I see.. But those are still fixed expenses whether you use it or not. Amortization is an accounting trick to represent value and to make things seem not as expensive as they are on the books as well as a way of basically lending yourself money. Yes, the equipment has a fixed lifespan but we are going to still purchase it and it will still be there if it is used or not, and if that helicopter is NEVER used it STILL cost us $17Million. Those numbers are really only import in an overall budget situation, and in a government scenario only really important to overall taxpayer decisions about whether to spend or not. IF we were talking about whether or not it is prudent to spend tax dollars on a SAR helicopter then yes, it might be valulable to say that they cost about $10,000/HR. But, as a tax payer I can tell you I see the value beyond the numbers and thefore have no interest in try to make a case that we should not buy that helicopter even if it is not used.

What I am interested in understanding is what ADDITIONAL cost was incurred because of that SAR operation? What does maintenance cost? What is the maintenance interval? What does fuel cost? How much fuel is consumed? What other CONSUMABLE resources were used in that operation?

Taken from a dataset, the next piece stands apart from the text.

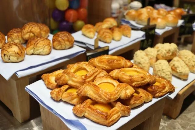 早餐有接地气的鸡蛋饼、油条等老少皆宜的美食,还有传统的西式早餐:面包、培根香肠牛奶、鲜榨果汁等!

ie.. (completely making stuff up) If a typical full maintenance cycle is say $20,000 and that is good for say 100 hours of operation then you can say that it is $200/hr worth of maintenance and if it consumes 10 gallons of fuel an hour at say $10/gallon then it is an extra $100 in fuel so you get a grand total of $300/hr for just operation costs. So an hour of searching then costs $300 additional taxpayer dollars.